_Material provided_.
----------------
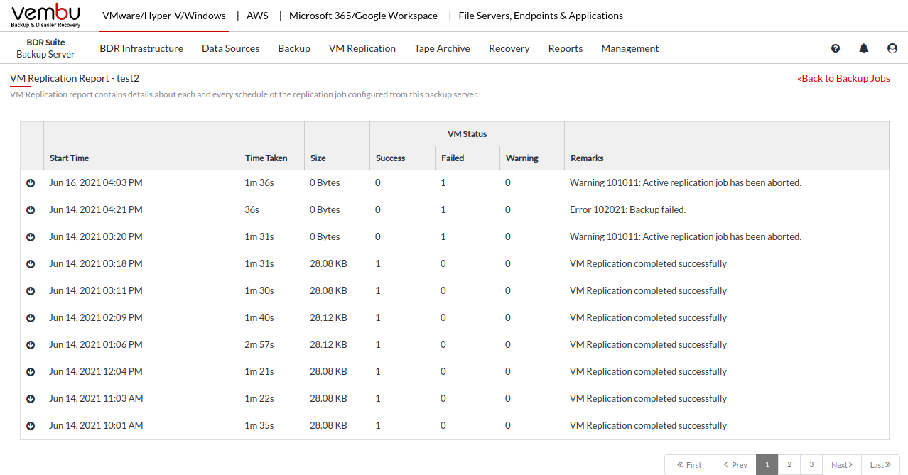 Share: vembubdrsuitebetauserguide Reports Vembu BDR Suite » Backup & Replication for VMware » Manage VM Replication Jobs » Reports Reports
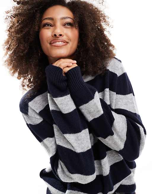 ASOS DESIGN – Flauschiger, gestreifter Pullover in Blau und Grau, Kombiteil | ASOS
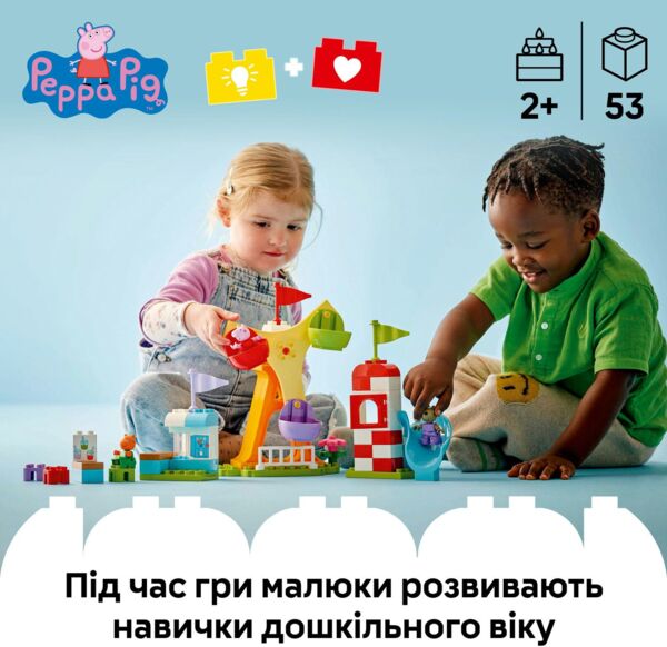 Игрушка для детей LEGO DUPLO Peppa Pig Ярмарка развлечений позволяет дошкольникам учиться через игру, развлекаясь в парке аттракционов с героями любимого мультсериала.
----------------
_Activity_.
In this exercise, set down all of the data exactly, without the pictures.

_Result_.
 Share: vembubdrsuitebetauserguide Reports Vembu BDR Suite » Backup & Replication for VMware » Manage VM Replication Jobs » Reports Reports
 ASOS DESIGN – Flauschiger, gestreifter Pullover in Blau und Grau, Kombiteil | ASOS
 Игрушка для детей LEGO DUPLO Peppa Pig Ярмарка развлечений позволяет дошкольникам учиться через игру, развлекаясь в парке аттракционов с героями любимого мультсериала.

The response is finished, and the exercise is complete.